What you need to do
Below are some records. Retype exactly the lines from the one containing "當前全球機器學習主題的公開專" through the one containing "แหวนเงินแท้925", both included, skipping every picture.

Extracted material
[Start of section]
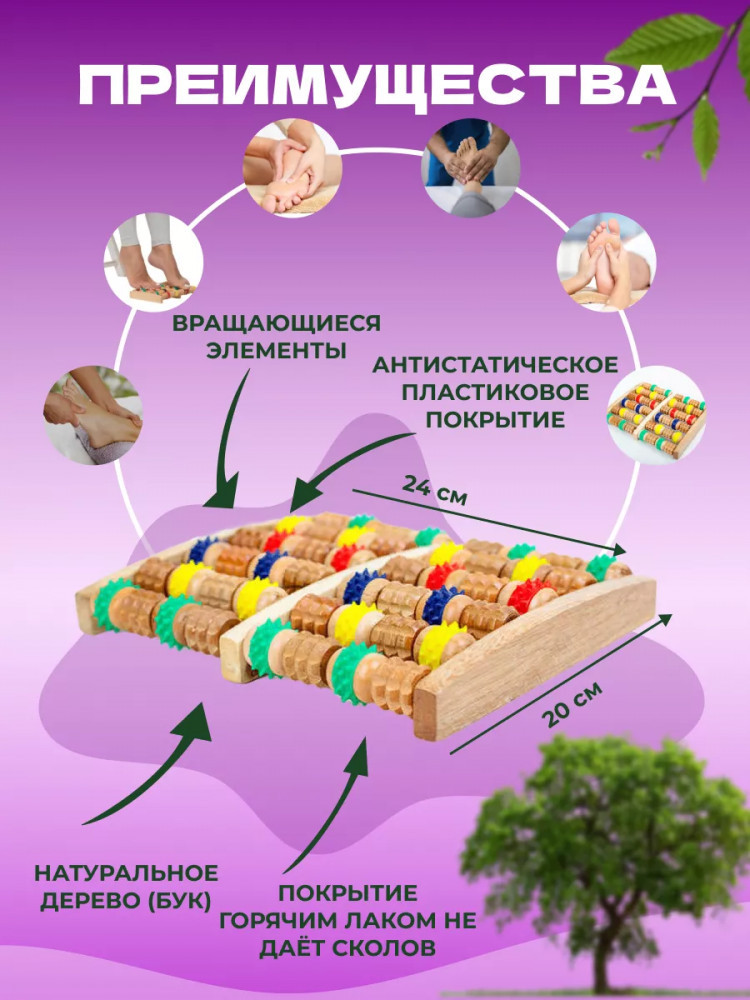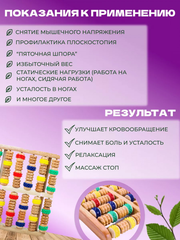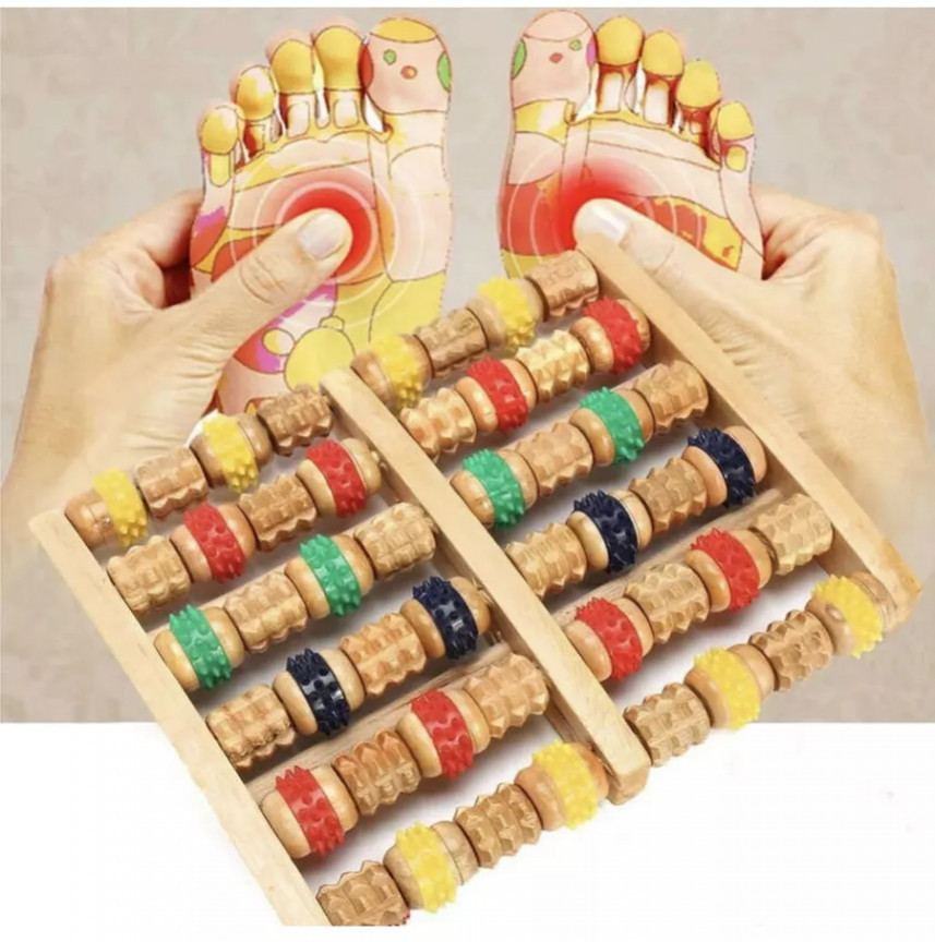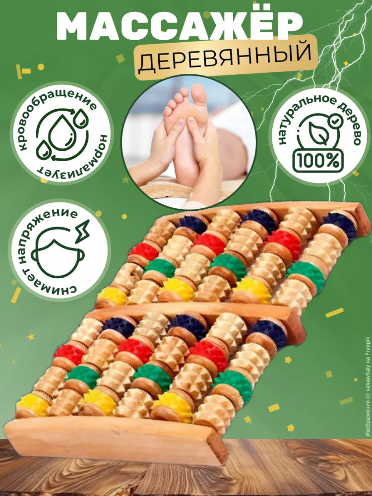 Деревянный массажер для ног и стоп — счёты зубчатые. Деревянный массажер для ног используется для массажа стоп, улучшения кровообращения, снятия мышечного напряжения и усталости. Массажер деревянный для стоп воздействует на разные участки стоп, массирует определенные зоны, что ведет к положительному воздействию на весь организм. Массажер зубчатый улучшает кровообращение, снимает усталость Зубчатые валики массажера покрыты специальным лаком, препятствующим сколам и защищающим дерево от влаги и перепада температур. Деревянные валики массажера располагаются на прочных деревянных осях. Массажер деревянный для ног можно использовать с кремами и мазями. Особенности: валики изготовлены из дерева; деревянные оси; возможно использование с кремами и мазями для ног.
[End of section]
[Start of section]
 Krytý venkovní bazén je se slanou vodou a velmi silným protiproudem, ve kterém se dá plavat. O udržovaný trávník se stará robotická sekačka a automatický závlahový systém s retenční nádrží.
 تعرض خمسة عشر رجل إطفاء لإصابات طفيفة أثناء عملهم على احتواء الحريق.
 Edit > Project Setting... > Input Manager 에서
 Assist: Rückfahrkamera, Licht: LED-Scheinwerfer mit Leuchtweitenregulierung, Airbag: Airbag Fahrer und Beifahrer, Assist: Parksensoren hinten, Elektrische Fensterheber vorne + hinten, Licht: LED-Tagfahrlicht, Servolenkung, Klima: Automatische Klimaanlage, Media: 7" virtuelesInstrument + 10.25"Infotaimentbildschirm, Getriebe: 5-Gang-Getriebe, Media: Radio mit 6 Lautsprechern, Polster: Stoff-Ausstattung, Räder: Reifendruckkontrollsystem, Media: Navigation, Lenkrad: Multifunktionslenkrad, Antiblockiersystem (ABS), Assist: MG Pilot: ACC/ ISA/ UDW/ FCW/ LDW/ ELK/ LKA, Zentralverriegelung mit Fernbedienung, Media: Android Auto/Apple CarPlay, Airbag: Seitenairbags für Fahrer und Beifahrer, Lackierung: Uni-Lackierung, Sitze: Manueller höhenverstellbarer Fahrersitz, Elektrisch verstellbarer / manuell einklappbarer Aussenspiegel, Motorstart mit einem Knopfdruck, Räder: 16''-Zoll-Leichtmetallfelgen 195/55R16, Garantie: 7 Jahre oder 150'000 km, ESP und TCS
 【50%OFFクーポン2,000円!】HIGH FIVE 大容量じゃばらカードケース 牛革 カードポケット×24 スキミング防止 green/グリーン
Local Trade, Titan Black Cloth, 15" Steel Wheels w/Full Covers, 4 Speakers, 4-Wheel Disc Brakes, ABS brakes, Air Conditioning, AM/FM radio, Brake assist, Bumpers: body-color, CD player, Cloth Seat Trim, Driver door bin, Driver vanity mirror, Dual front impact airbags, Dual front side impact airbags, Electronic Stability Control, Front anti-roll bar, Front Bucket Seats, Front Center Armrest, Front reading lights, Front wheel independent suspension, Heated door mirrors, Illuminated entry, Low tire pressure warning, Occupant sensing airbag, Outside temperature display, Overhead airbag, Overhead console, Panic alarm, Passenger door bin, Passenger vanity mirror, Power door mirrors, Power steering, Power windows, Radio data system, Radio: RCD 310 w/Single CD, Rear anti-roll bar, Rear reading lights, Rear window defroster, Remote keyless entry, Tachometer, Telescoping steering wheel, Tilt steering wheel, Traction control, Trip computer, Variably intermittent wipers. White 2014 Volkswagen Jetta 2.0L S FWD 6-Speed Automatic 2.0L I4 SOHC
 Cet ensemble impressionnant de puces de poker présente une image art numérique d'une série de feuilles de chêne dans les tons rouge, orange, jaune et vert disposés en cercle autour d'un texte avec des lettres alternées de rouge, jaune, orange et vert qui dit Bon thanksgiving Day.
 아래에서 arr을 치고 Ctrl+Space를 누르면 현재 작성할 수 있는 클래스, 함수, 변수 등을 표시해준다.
[End of section]
[Start of section]
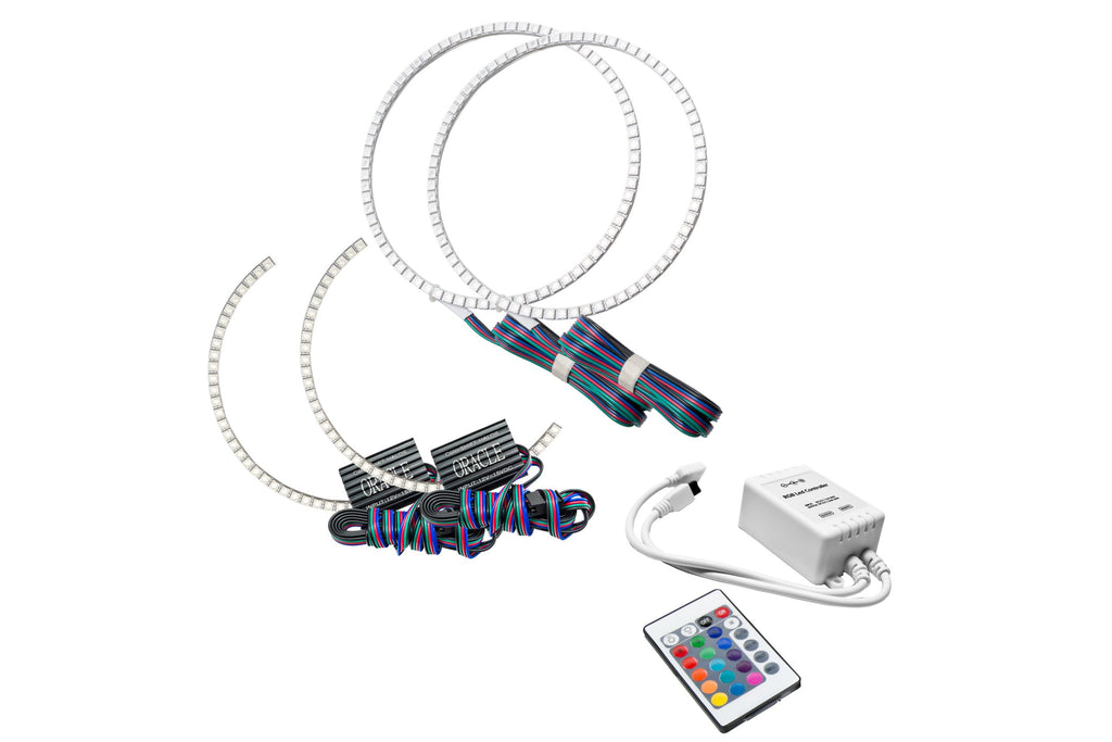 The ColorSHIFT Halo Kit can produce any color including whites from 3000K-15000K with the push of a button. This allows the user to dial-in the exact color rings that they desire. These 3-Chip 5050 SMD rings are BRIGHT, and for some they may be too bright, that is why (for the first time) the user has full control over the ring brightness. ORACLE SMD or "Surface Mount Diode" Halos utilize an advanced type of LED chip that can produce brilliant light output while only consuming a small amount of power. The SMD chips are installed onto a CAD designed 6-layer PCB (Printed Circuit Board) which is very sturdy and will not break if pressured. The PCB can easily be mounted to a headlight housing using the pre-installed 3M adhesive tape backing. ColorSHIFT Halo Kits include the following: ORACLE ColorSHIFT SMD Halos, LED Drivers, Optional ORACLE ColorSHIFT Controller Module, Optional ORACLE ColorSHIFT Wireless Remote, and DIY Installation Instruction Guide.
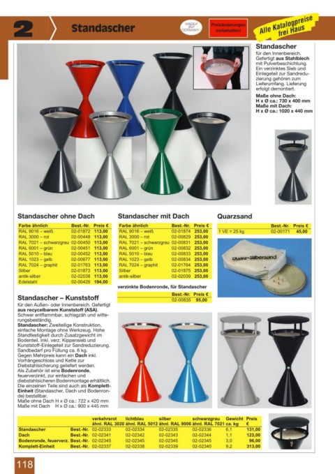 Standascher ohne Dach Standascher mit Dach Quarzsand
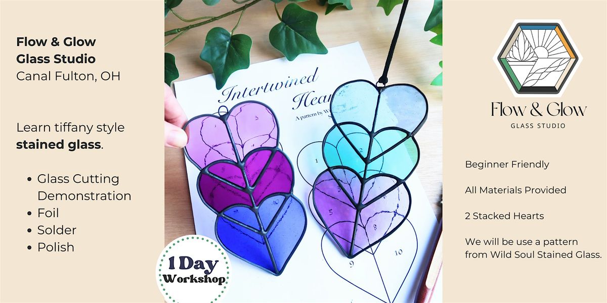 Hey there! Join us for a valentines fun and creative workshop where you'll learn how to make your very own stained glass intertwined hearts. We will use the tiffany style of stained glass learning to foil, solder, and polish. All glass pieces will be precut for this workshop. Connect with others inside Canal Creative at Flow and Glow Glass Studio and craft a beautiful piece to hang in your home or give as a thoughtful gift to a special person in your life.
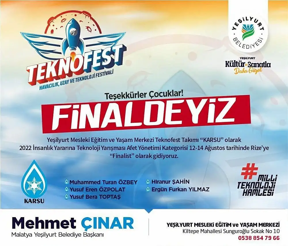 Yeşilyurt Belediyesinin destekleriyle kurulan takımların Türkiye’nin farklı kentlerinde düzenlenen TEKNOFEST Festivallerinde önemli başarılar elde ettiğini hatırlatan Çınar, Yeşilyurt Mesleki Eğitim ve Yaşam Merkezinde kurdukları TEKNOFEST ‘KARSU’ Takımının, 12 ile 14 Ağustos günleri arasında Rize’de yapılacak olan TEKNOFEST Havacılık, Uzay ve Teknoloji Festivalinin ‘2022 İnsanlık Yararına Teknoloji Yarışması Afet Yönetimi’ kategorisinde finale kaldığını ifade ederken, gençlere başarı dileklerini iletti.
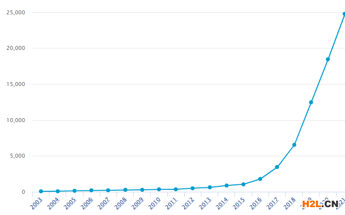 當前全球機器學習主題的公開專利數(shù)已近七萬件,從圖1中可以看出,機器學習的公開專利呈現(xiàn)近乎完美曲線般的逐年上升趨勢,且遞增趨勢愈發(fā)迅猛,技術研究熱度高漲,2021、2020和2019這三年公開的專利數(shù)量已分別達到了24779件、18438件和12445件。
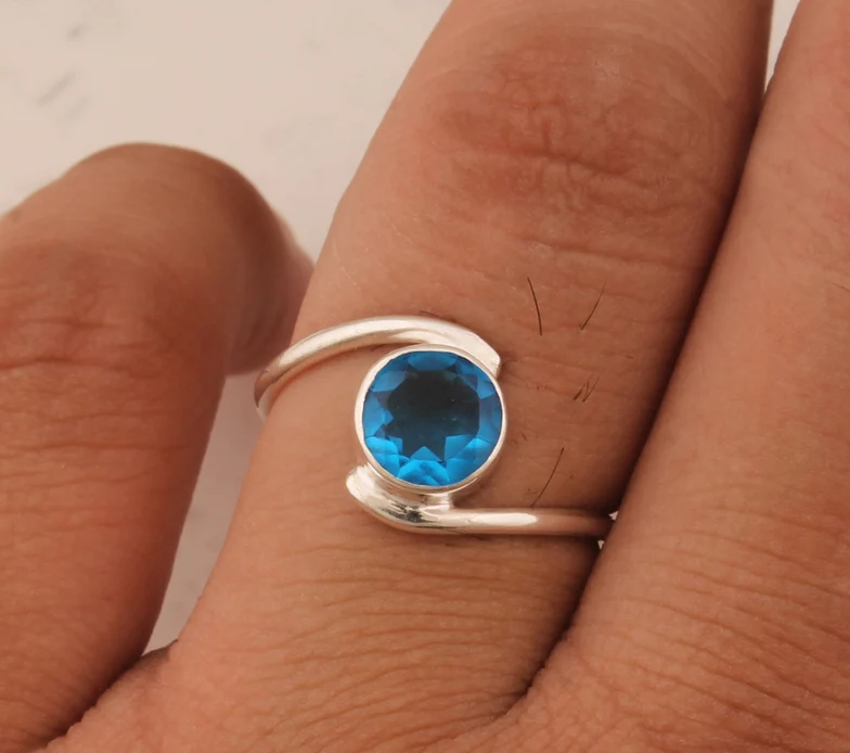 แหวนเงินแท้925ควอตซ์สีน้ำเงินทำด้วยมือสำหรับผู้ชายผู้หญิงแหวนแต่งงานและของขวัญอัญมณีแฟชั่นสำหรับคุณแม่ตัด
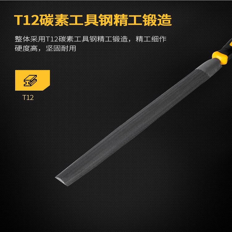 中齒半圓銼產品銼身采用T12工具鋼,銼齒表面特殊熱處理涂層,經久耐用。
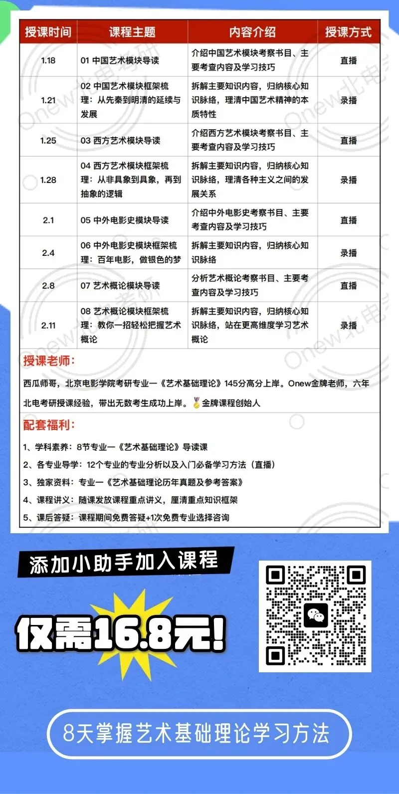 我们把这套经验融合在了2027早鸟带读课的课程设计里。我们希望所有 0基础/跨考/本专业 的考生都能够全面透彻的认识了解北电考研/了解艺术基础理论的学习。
[End of section]
Answer
 當前全球機器學習主題的公開專利數(shù)已近七萬件,從圖1中可以看出,機器學習的公開專利呈現(xiàn)近乎完美曲線般的逐年上升趨勢,且遞增趨勢愈發(fā)迅猛,技術研究熱度高漲,2021、2020和2019這三年公開的專利數(shù)量已分別達到了24779件、18438件和12445件。
 แหวนเงินแท้925ควอตซ์สีน้ำเงินทำด้วยมือสำหรับผู้ชายผู้หญิงแหวนแต่งงานและของขวัญอัญมณีแฟชั่นสำหรับคุณแม่ตัด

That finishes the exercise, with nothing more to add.